07-06-2012 06:14 AM
@Prabhakant Patil wrote:
Attached vi will give you more Idea to resolve your problem.
you can try this way also.
This is very similar to the vi posted by the O.P. He has to explain more then only we can approach in the right direction.
07-12-2012 12:42 AM
Hi Prabhakant Patil,
I am unable to open the VI, since I am using the older version compared to yours. Please can you save it in version 8.6 and upload again.
Regards,
Pramod M G
07-12-2012 12:58 AM
A good practice is to design your program such that your UI is separate from your processing. Using messgaing schemes such as queues, notifiers of user events to inform the UI to perform updates. Also, as suggested you can create subVIs and use the connector pane to pass data in and out of the subVI. You should really try to use subVIs within your program. If you don't you end up with the huge monolithic VIs that are difficult to understand, maintain or extend. Modular code is much easier to maintain and extend when you need to.
07-23-2012 04:28 AM
hi follow the step wat i did in this vi to use control as a indicator
07-24-2012 05:17 AM
The VIs below have the following attributes:
1. The control is outside the sub vi.
2. A reference of the control has been passed inside the subvi.

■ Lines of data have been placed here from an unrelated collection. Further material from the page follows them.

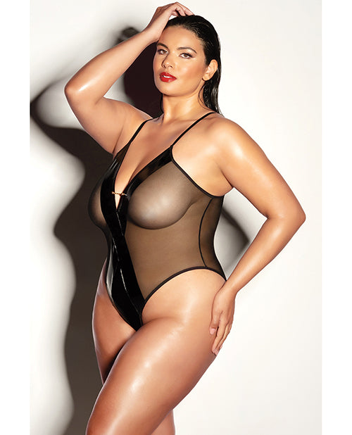 FETISH Finesse Soft Cup Vinyl & Mesh Teddy w/Barbell Black 1X/2X
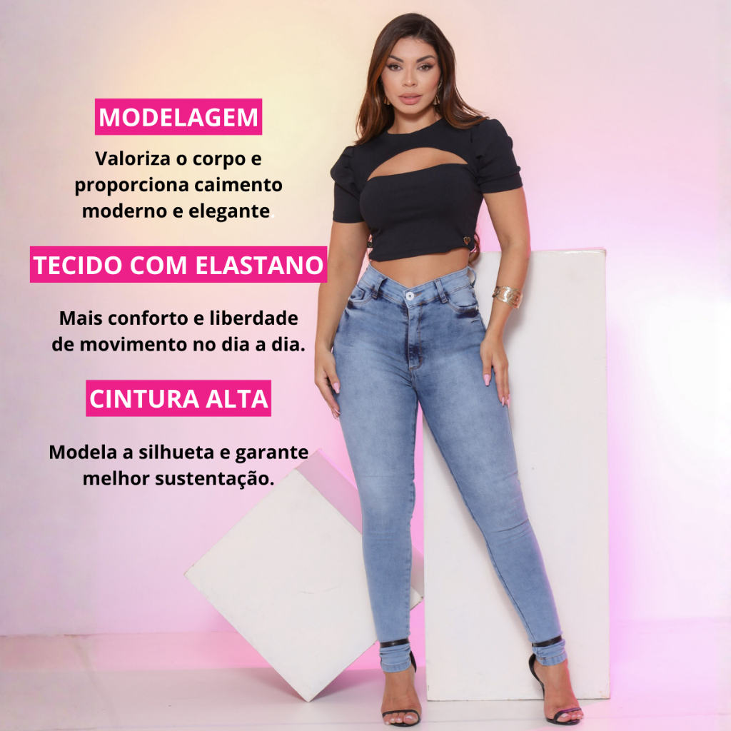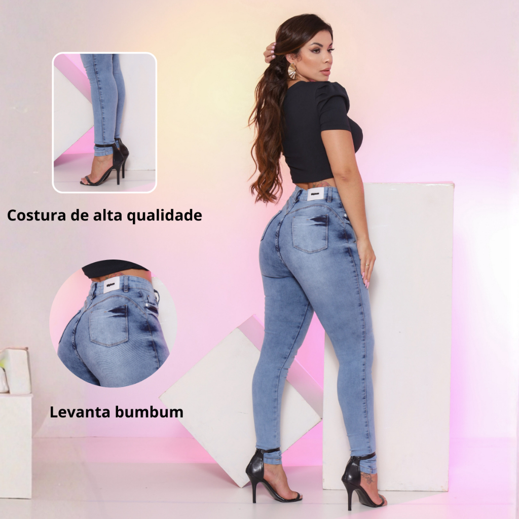 Calça Jeans Feminina Marmorizada com Lycra Cós Alto Modelo Empina bumbum
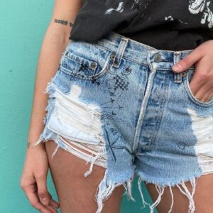 FULLY TATTERED & DISTRESSED LEVIS CUT OFF DENIM SHORTS CUSTOM STAMPING
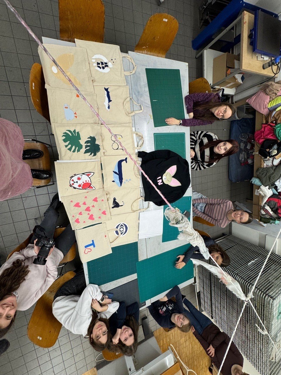 Es gab 4 verschiedene Arbeitsgruppen: Die Schüler_innen probierten sich als Tableau Vivant in analoger Fotografie und Dunkelkammerarbeit, gestalteten Gebrauchstextilien mittels Siebdruck, sie erfuhren von dreidimensionaler Gestaltung von Papier, und arbeiteten performativ in einem Schattentheater. Sichtlich genossen die jungen Menschen die großzügige Werkstättenatmosphäre außerhalb ihrer gewohnten Schulumgebung. Diese schöne Zusammenführung von Ausbildungsinstitution für das Lehramt, freien Kunstschaffenden und Schule wurde durch das OEAD-Förderprogramm „Kulturvermittlung mit Schulen“ ermöglicht.
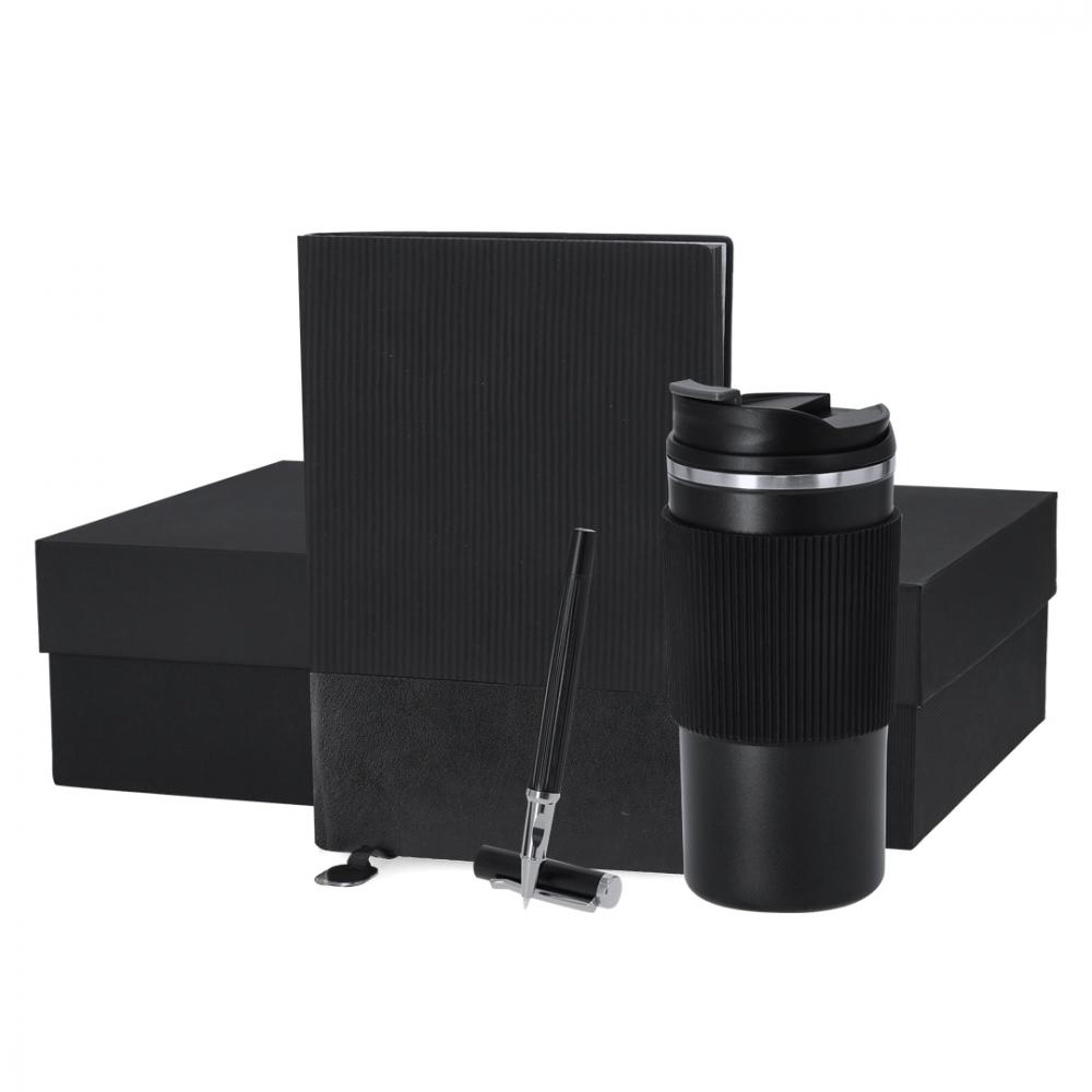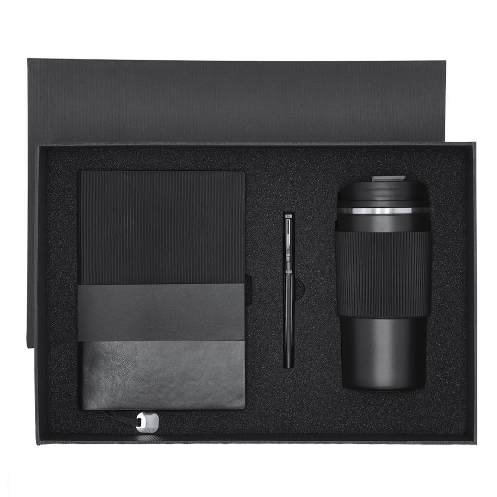 Термос-стакан из нержавеющей стали емкостью 470 мл, с двойными стенками, элегантного черного цвета. С соответствующей крышкой-дозатором и удобным открыванием, не содержит бисфенола А, силиконовой лентой в тон и нескользящим основанием. Блокнот в мягкой обложке из гладкой искусственной кожи элегантного черного цвета, сочетающий в себе гладкую и скошенную текстуру. В комплект входит тканевая закладка и специальная металлическая пластина для лазерной гравировки. Внутри 100 листов кремового цвета с разметкой в одну полоску и черными краями. Ручка-роллер с черной матовой отделкой и серебристыми металлическими деталями. Корпус со скосом, колпачок, клипса выполнены синими чернилами. В комплекте удобная ручка из полированного металла. Набор представлен в индивидуальном матовом футляре с внутренней штамповкой для каждого элемента набора. Термос из нержавеющей стали, 470 мл. Блокнот из полиуретана, гибкая обложка. 100 листов. Ролик алюминиевый
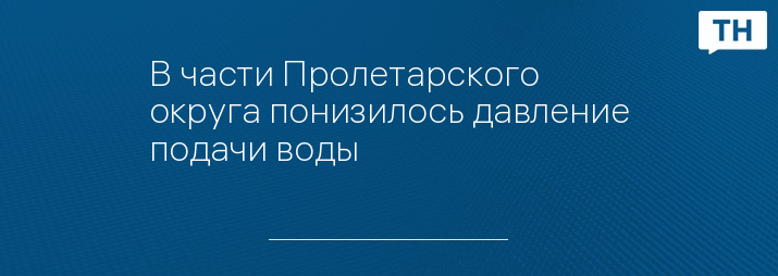 В части Пролетарского округа понизилось давление подачи воды
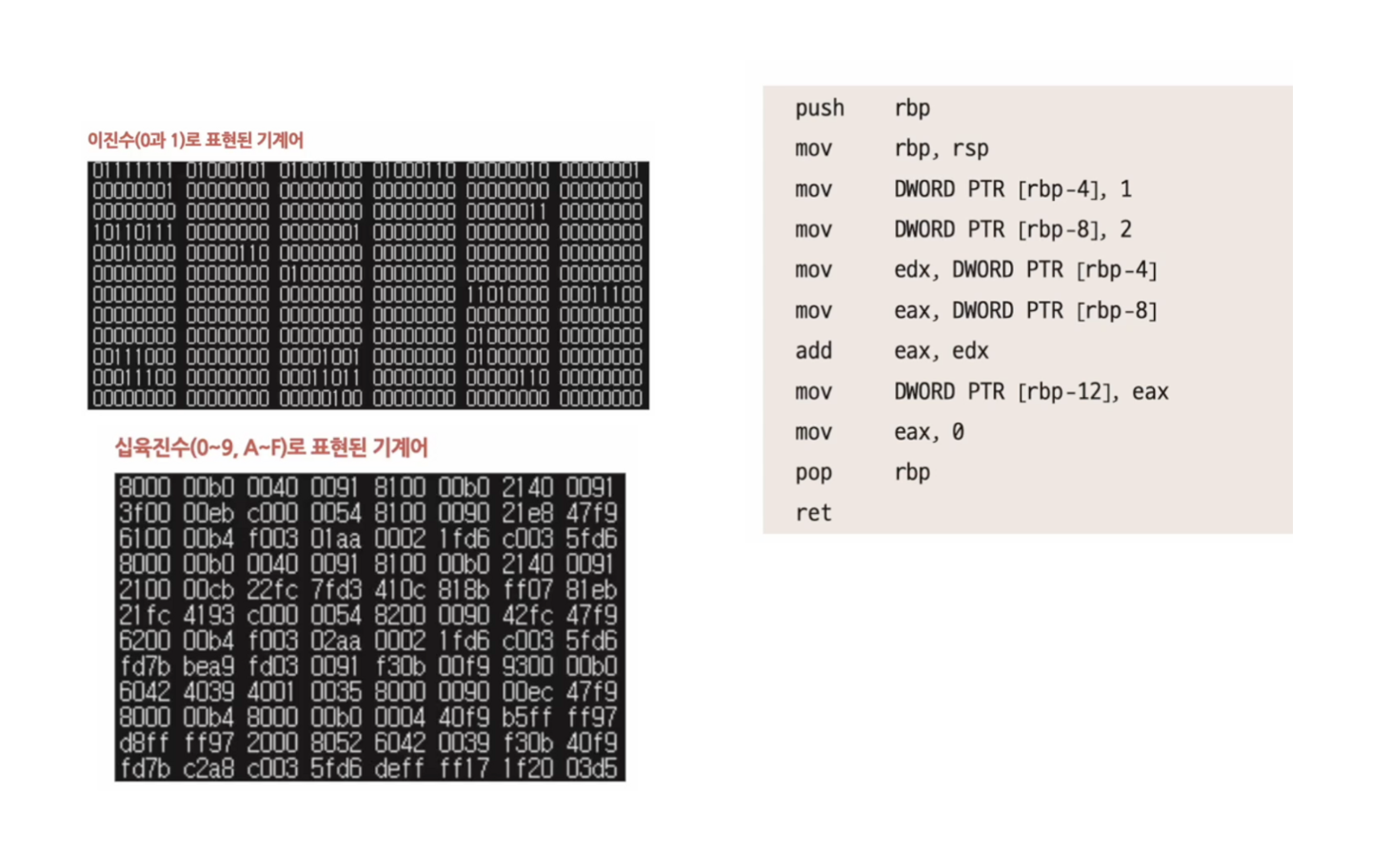 - 저급 언어: 컴퓨터가 이해하고 실행하는 언어
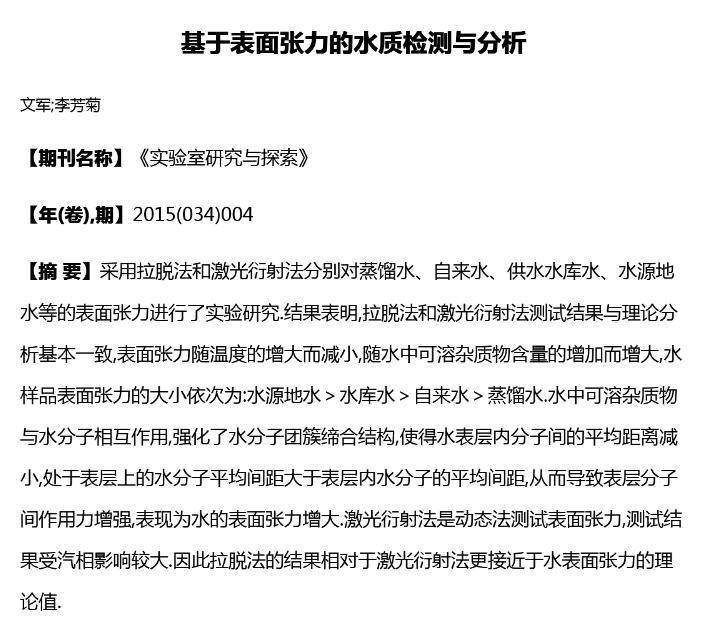 【摘要】:采用拉脫法和激光衍射法分別對蒸餾水、自來水、供水水庫水、水源地水等的表面張力進行了實驗研究。結果表明,拉脫法和激光衍射法測試結果與理論分析基本一致,表面張力隨溫度的增大而減小,隨水中可溶雜質物含量的增加而增大,水樣品表面張力的大小依次為:水源地水水庫水自來水蒸餾水。水中可溶雜質物與水分子相互作用,強化了水分子團簇締合結構,使得水表層內分子間的平均距離減小,處于表層上的水分子平均間距大于表層內水分子的平均間距,從而導致表層分子間作用力增強,表現為水的表面張力增大。激光衍射法是動態法測試表面張力,測試結果受汽相影響較大。因此拉脫法的結果相對于激光衍射法更接近于水表面張力的理論值。
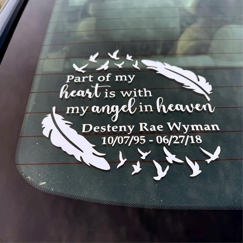 Unique design - This poignant memorial car decal is a heartfelt way to honor and remember a loved one who has passed away. Designed to provide comfort and solace, the decal's message acknowledges the pain of losing someone special while celebrating their eternal peace. The simple yet impactful wording conveys the bittersweet feelings of grief.

3. Property node has been used to access and write into the control, inside the sub vi.
Before you run the code, set the numeric control and then run the vi. The same control gets updated as a vi.
You could have also done this using local variables but there is a disadvantage:-
Each local variable is stored in a separate memory location, thus if the number of instances are large, a lot of memory will be wasted.